Exercise directions - Would you retype the whole listing verbatim, keeping pictures out of it?
↓↓↓
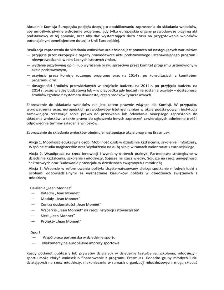 Aktualnie Komisja Europejska podjęła decyzję o opublikowaniu zaproszenia do składania wniosków, aby umożliwić płynne wdrożenie programu, gdy tylko europejskie organy prawodawcze przyjmą akt podstawowy w tej sprawie, oraz aby dać wystarczająco dużo czasu na przygotowanie wniosków potencjalnym beneficjentom dotacji z Unii Europejskiej. Realizacja zaproszenia do składania wniosków uzależniona jest ponadto od następujących warunków: — przyjęcia przez europejskie organy prawodawcze aktu podstawowego ustanawiającego program i niewprowadzania w nim żadnych istotnych zmian, — wydania pozytywnej opinii lub wyrażenia braku sprzeciwu przez komitet programu ustanowiony w akcie podstawowym, — przyjęcia przez Komisję rocznego programu prac na 2014 r. po konsultacjach z komitetem programu oraz — dostępności środków przewidzianych w projekcie budżetu na 2014 r. po przyjęciu budżetu na 2014 r. przez władzę budżetową lub – w przypadku gdy budżet nie zostanie przyjęty – dostępności środków zgodnie z systemem dwunastej części środków tymczasowych. Zaproszenie do składania wniosków nie jest zatem prawnie wiążące dla Komisji. W przypadku wprowadzenia przez europejskich prawodawców istotnych zmian w akcie podstawowym instytucja zamawiająca rezerwuje sobie prawo do przerwania lub odwołania niniejszego zaproszenia do składania wniosków, a także prawo do ogłoszenia innych zaproszeń zawierających odmienną treść i odpowiednie terminy składania wniosków. Zaproszenie do składania wniosków obejmuje następujące akcje programu Erasmus+: Akcja 1. Mobilność edukacyjna osób: Mobilność osób w dziedzinie kształcenia, szkolenia i młodzieży, Wspólne studia magisterskie oraz Wydarzenia na dużą skalę w ramach wolontariatu europejskiego. Akcja 2. Współpraca na rzecz innowacji i wymiany dobrych praktyk: Partnerstwa strategiczne w dziedzinie kształcenia, szkolenia i młodzieży, Sojusze na rzecz wiedzy, Sojusze na rzecz umiejętności sektorowych oraz Budowanie potencjału w dziedzinach związanych z młodzieżą. Akcja 3. Wsparcie w reformowaniu polityk: Usystematyzowany dialog: spotkanie młodych ludzi z osobami odpowiedzialnymi za wyznaczanie kierunków polityki w dziedzinach związanych z młodzieżą Działania „Jean Monnet” — Katedry „Jean Monnet” — Moduły „Jean Monnet” — Centra doskonałości „Jean Monnet” — Wsparcie „Jean Monnet” na rzecz instytucji i stowarzyszeń — Sieci „Jean Monnet” — Projekty „Jean Monnet” Sport — Współpraca partnerska w dziedzinie sportu — Niekomercyjne europejskie imprezy sportowe Każdy podmiot publiczny lub prywatny działający w dziedzinie kształcenia, szkolenia, młodzieży i sportu może złożyć wniosek o finansowanie z programu Erasmus+. Ponadto grupy młodych ludzi działających na rzecz młodzieży, niekoniecznie w ramach organizacji młodzieżowych, mogą składać wnioski o finansowanie mobilności edukacyjnej młodych ludzi i osób pracujących z młodzieżą oraz o finansowanie partnerstw strategicznych w dziedzinach związanych z młodzieżą. Całkowity budżet przeznaczony na konkurs szacuje się na 1 507,3 mln EUR: Kształcenie i szkolenie : 1 305,3 mln EUR Młodzież : 174,2 mln EUR Działania „Jean Monnet” : 11,2 mln EUR Sport : 16,6 mln EUR Poziom przyznanych dotacji oraz czas trwania projektów są różne w zależności od takich czynników, jak rodzaj projektu i liczba zaangażowanych partnerów. Erasmus+ Terminy składania wniosków w roku 2015 Akcja 1. Mobilność osób w dziedzinie młodzieży – 4 lutego 2015 r. Mobilność osób w dziedzinie kształcenia i szkolenia – 4 marca 2015 r. Mobilność osób w dziedzinie młodzieży – 30 kwietnia 2015 r. Mobilność osób w dziedzinie młodzieży – 1 października 2015 r. Wspólne studia magisterskie Erasmus Mundus – 4 marca 2015 r. Wydarzenia na dużą skalę w ramach wolontariatu europejskiego – 3 kwietnia 2015 r. Akcja 2. Partnerstwa strategiczne w dziedzinie młodzieży – 4 lutego 2015 r. Partnerstwa strategiczne w dziedzinie kształcenia, szkolenia i młodzieży – 30 kwietnia 2015 r. Partnerstwa strategiczne w dziedzinie młodzieży – 1 października 2015 r. Sojusze na rzecz wiedzy, sojusze na rzecz umiejętności sektorowych – 26 lutego 2015 r. Budowanie potencjału w dziedzinie szkolnictwa wyższego – 10 lutego 2015 r. Budowanie potencjału w dziedzinie młodzieży – 3 kwietnia 2015 r., 2 września 2015 r. Akcja 3. Spotkanie młodych ludzi z osobami odpowiedzialnymi za wyznaczanie kierunków polityki w dziedzinach związanych z młodzieżą – 4 lutego 2015 r., 30 kwietnia 2015 r., 1 października 2015 r. Działania „Jean Monnet” Katedry, moduły, centra doskonałości, wsparcie dla instytucji i stowarzyszeń, sieci, projekty – 26 lutego 2015 r. Działania w dziedzinie sportu Współpraca partnerska w dziedzinie sportu związana wyłącznie z Europejskim Tygodniem Sportu 2015 – 22 stycznia 2015 r. Współpraca partnerska w dziedzinie sportu niepowiązana z Europejskim Tygodniem Sportu 2015 – 14 maja 2015 r. Niekomercyjne europejskie imprezy sportowe związane wyłącznie z Europejskim Tygodniem Sportu 2015 – 22 stycznia 2015 r. Niekomercyjne europejskie imprezy sportowe niepowiązane z Europejskim Tygodniem Sportu 2015 – 14 maja 2015 r. Szczegółowe informacje o zasadach wnioskowania w roku 2015 Komisja Europejska opublikuje w „Przewodniku po programie Erasmus+ 2015″, o którego ukazaniu się Narodowa Agencja Programu Erasmus+ Młodzież niezwłocznie poinformuje na swojej stronie: erasmusplus.org.pl.
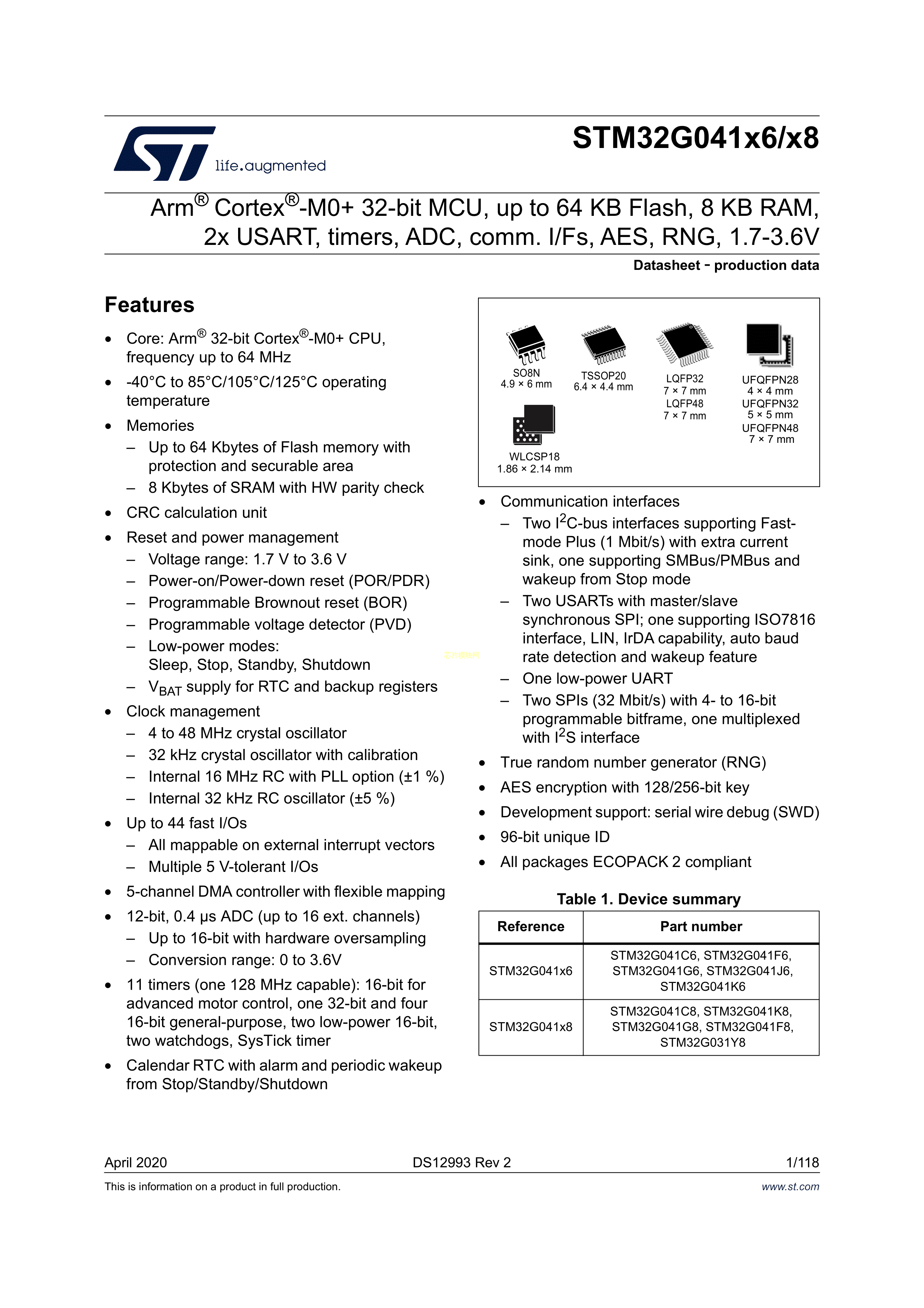 STM32G041Y8Y6TR数据手册WLCSP-18封装ST(意法半导体)PDF规格书,中英文下载
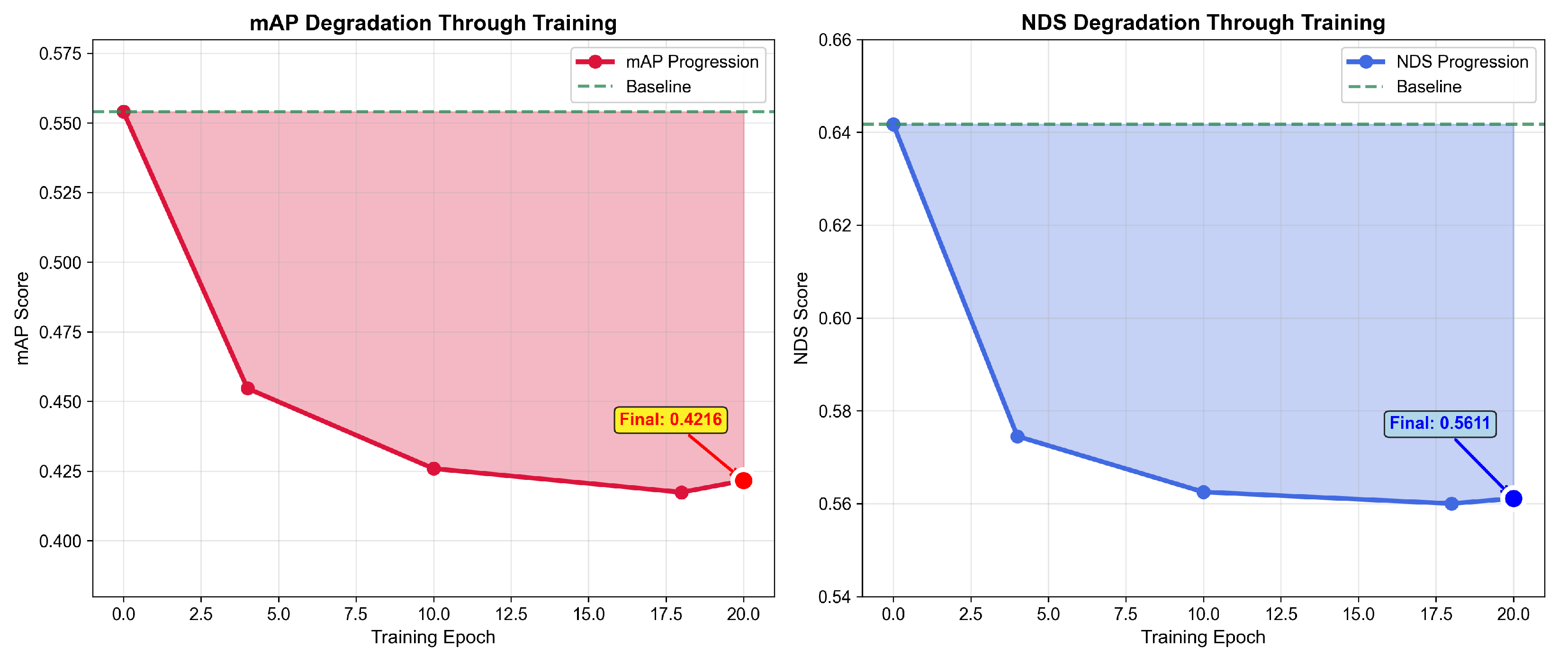 Figure 8 illustrates the progression of both mAP and NDS metrics throughout the 20-epoch training process. The mAP degradation shows initial impact, stabilizing around the final 23.9% reduction. The stabilization of attack effectiveness after epoch 10 suggests that the adversarial training reaches an equilibrium between maintaining perturbation constraints and maximizing detection degradation.
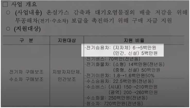 - 소형 전기차의 경우 400만원 -> 300만원
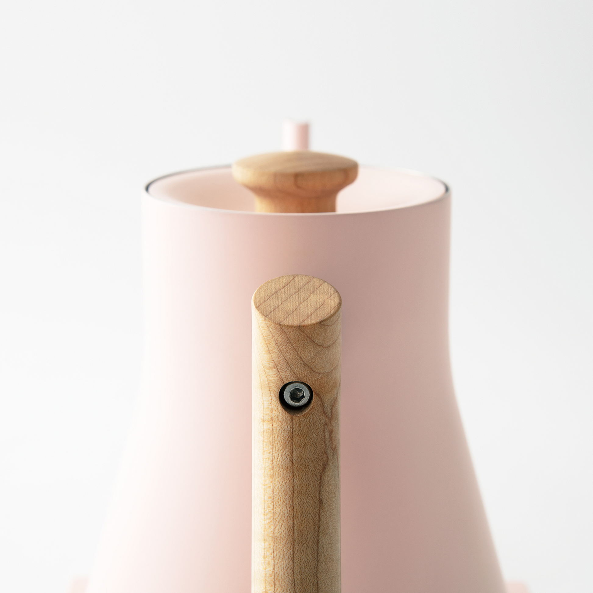 Materials: 304 stainless steel kettle body and lid, plastic base. Wooden handles are either walnut or maple. Please read the following article for wood care instructions.
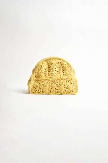 Patterned Curved Paper Weave Clutch (Butter Yellow)
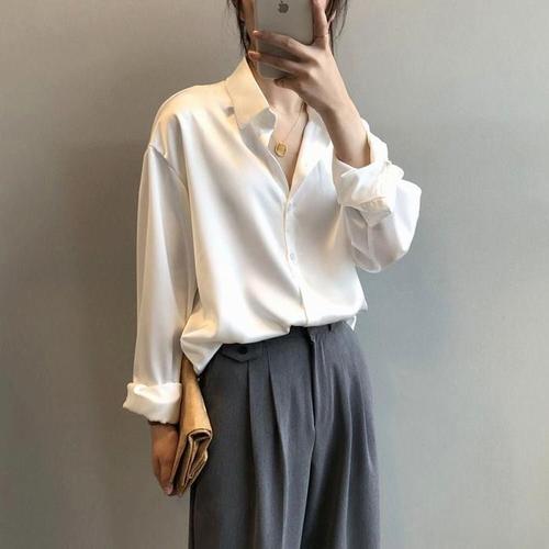[에이치플러스몰]부드러운 새틴 셔츠 카라형 오피스 룩
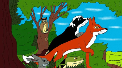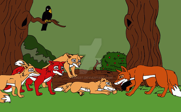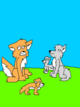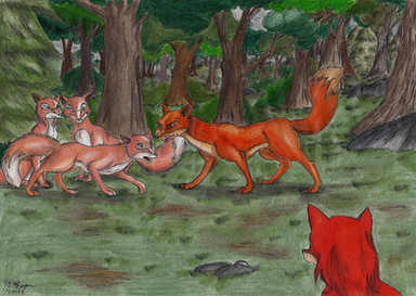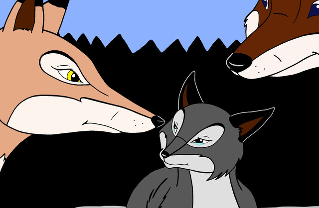 Kerrik facing off an angry wolf while Thelio observes, shocked, in the background.I drew this some time after the others. I never named the wolf in the foreground, but I'll get to that eventually
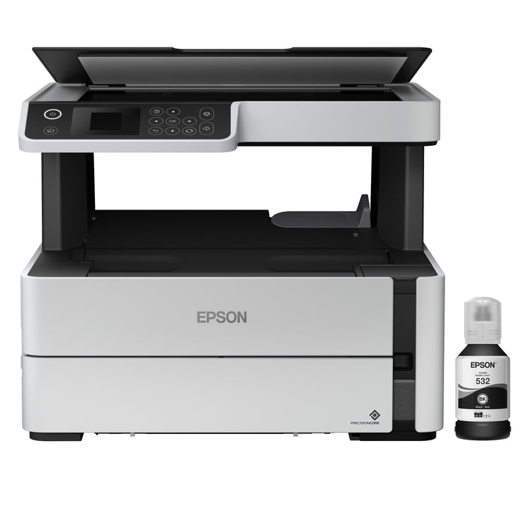 The EcoTank ET-M2170 monochrome supertank all-in-one printer, powered by PrecisionCore, offers worry-free, Cartridge-Free Printing with easy-to-fill, supersized ink tanks. Users save up to 75 percent with low-cost replacement bottles vs. mono laser toner — about 1/3 of 1 cent per ISO page vs. 2 ½ cents. The ET-M2170’s replacement ink bottle includes enough ink to print up to 6,000 pages. It features fast print speeds and a fast first page out. Plus, it offers a 250-sheet paper tray, auto 2-sided printing, and wired and wireless networking. And, you save energy with lower power consumption vs. laser. Plus, it’s backed by a 2-year limited warranty with registration.
↑↑↑
The answer -
 Aktualnie Komisja Europejska podjęła decyzję o opublikowaniu zaproszenia do składania wniosków, aby umożliwić płynne wdrożenie programu, gdy tylko europejskie organy prawodawcze przyjmą akt podstawowy w tej sprawie, oraz aby dać wystarczająco dużo czasu na przygotowanie wniosków potencjalnym beneficjentom dotacji z Unii Europejskiej. Realizacja zaproszenia do składania wniosków uzależniona jest ponadto od następujących warunków: — przyjęcia przez europejskie organy prawodawcze aktu podstawowego ustanawiającego program i niewprowadzania w nim żadnych istotnych zmian, — wydania pozytywnej opinii lub wyrażenia braku sprzeciwu przez komitet programu ustanowiony w akcie podstawowym, — przyjęcia przez Komisję rocznego programu prac na 2014 r. po konsultacjach z komitetem programu oraz — dostępności środków przewidzianych w projekcie budżetu na 2014 r. po przyjęciu budżetu na 2014 r. przez władzę budżetową lub – w przypadku gdy budżet nie zostanie przyjęty – dostępności środków zgodnie z systemem dwunastej części środków tymczasowych. Zaproszenie do składania wniosków nie jest zatem prawnie wiążące dla Komisji. W przypadku wprowadzenia przez europejskich prawodawców istotnych zmian w akcie podstawowym instytucja zamawiająca rezerwuje sobie prawo do przerwania lub odwołania niniejszego zaproszenia do składania wniosków, a także prawo do ogłoszenia innych zaproszeń zawierających odmienną treść i odpowiednie terminy składania wniosków. Zaproszenie do składania wniosków obejmuje następujące akcje programu Erasmus+: Akcja 1. Mobilność edukacyjna osób: Mobilność osób w dziedzinie kształcenia, szkolenia i młodzieży, Wspólne studia magisterskie oraz Wydarzenia na dużą skalę w ramach wolontariatu europejskiego. Akcja 2. Współpraca na rzecz innowacji i wymiany dobrych praktyk: Partnerstwa strategiczne w dziedzinie kształcenia, szkolenia i młodzieży, Sojusze na rzecz wiedzy, Sojusze na rzecz umiejętności sektorowych oraz Budowanie potencjału w dziedzinach związanych z młodzieżą. Akcja 3. Wsparcie w reformowaniu polityk: Usystematyzowany dialog: spotkanie młodych ludzi z osobami odpowiedzialnymi za wyznaczanie kierunków polityki w dziedzinach związanych z młodzieżą Działania „Jean Monnet” — Katedry „Jean Monnet” — Moduły „Jean Monnet” — Centra doskonałości „Jean Monnet” — Wsparcie „Jean Monnet” na rzecz instytucji i stowarzyszeń — Sieci „Jean Monnet” — Projekty „Jean Monnet” Sport — Współpraca partnerska w dziedzinie sportu — Niekomercyjne europejskie imprezy sportowe Każdy podmiot publiczny lub prywatny działający w dziedzinie kształcenia, szkolenia, młodzieży i sportu może złożyć wniosek o finansowanie z programu Erasmus+. Ponadto grupy młodych ludzi działających na rzecz młodzieży, niekoniecznie w ramach organizacji młodzieżowych, mogą składać wnioski o finansowanie mobilności edukacyjnej młodych ludzi i osób pracujących z młodzieżą oraz o finansowanie partnerstw strategicznych w dziedzinach związanych z młodzieżą. Całkowity budżet przeznaczony na konkurs szacuje się na 1 507,3 mln EUR: Kształcenie i szkolenie : 1 305,3 mln EUR Młodzież : 174,2 mln EUR Działania „Jean Monnet” : 11,2 mln EUR Sport : 16,6 mln EUR Poziom przyznanych dotacji oraz czas trwania projektów są różne w zależności od takich czynników, jak rodzaj projektu i liczba zaangażowanych partnerów. Erasmus+ Terminy składania wniosków w roku 2015 Akcja 1. Mobilność osób w dziedzinie młodzieży – 4 lutego 2015 r. Mobilność osób w dziedzinie kształcenia i szkolenia – 4 marca 2015 r. Mobilność osób w dziedzinie młodzieży – 30 kwietnia 2015 r. Mobilność osób w dziedzinie młodzieży – 1 października 2015 r. Wspólne studia magisterskie Erasmus Mundus – 4 marca 2015 r. Wydarzenia na dużą skalę w ramach wolontariatu europejskiego – 3 kwietnia 2015 r. Akcja 2. Partnerstwa strategiczne w dziedzinie młodzieży – 4 lutego 2015 r. Partnerstwa strategiczne w dziedzinie kształcenia, szkolenia i młodzieży – 30 kwietnia 2015 r. Partnerstwa strategiczne w dziedzinie młodzieży – 1 października 2015 r. Sojusze na rzecz wiedzy, sojusze na rzecz umiejętności sektorowych – 26 lutego 2015 r. Budowanie potencjału w dziedzinie szkolnictwa wyższego – 10 lutego 2015 r. Budowanie potencjału w dziedzinie młodzieży – 3 kwietnia 2015 r., 2 września 2015 r. Akcja 3. Spotkanie młodych ludzi z osobami odpowiedzialnymi za wyznaczanie kierunków polityki w dziedzinach związanych z młodzieżą – 4 lutego 2015 r., 30 kwietnia 2015 r., 1 października 2015 r. Działania „Jean Monnet” Katedry, moduły, centra doskonałości, wsparcie dla instytucji i stowarzyszeń, sieci, projekty – 26 lutego 2015 r. Działania w dziedzinie sportu Współpraca partnerska w dziedzinie sportu związana wyłącznie z Europejskim Tygodniem Sportu 2015 – 22 stycznia 2015 r. Współpraca partnerska w dziedzinie sportu niepowiązana z Europejskim Tygodniem Sportu 2015 – 14 maja 2015 r. Niekomercyjne europejskie imprezy sportowe związane wyłącznie z Europejskim Tygodniem Sportu 2015 – 22 stycznia 2015 r. Niekomercyjne europejskie imprezy sportowe niepowiązane z Europejskim Tygodniem Sportu 2015 – 14 maja 2015 r. Szczegółowe informacje o zasadach wnioskowania w roku 2015 Komisja Europejska opublikuje w „Przewodniku po programie Erasmus+ 2015″, o którego ukazaniu się Narodowa Agencja Programu Erasmus+ Młodzież niezwłocznie poinformuje na swojej stronie: erasmusplus.org.pl.
 STM32G041Y8Y6TR数据手册WLCSP-18封装ST(意法半导体)PDF规格书,中英文下载
 Figure 8 illustrates the progression of both mAP and NDS metrics throughout the 20-epoch training process. The mAP degradation shows initial impact, stabilizing around the final 23.9% reduction. The stabilization of attack effectiveness after epoch 10 suggests that the adversarial training reaches an equilibrium between maintaining perturbation constraints and maximizing detection degradation.
 - 소형 전기차의 경우 400만원 -> 300만원
 Materials: 304 stainless steel kettle body and lid, plastic base. Wooden handles are either walnut or maple. Please read the following article for wood care instructions.
 Patterned Curved Paper Weave Clutch (Butter Yellow)
[에이치플러스몰]부드러운 새틴 셔츠 카라형 오피스 룩
 Kerrik facing off an angry wolf while Thelio observes, shocked, in the background.I drew this some time after the others. I never named the wolf in the foreground, but I'll get to that eventually
 The EcoTank ET-M2170 monochrome supertank all-in-one printer, powered by PrecisionCore, offers worry-free, Cartridge-Free Printing with easy-to-fill, supersized ink tanks. Users save up to 75 percent with low-cost replacement bottles vs. mono laser toner — about 1/3 of 1 cent per ISO page vs. 2 ½ cents. The ET-M2170’s replacement ink bottle includes enough ink to print up to 6,000 pages. It features fast print speeds and a fast first page out. Plus, it offers a 250-sheet paper tray, auto 2-sided printing, and wired and wireless networking. And, you save energy with lower power consumption vs. laser. Plus, it’s backed by a 2-year limited warranty with registration.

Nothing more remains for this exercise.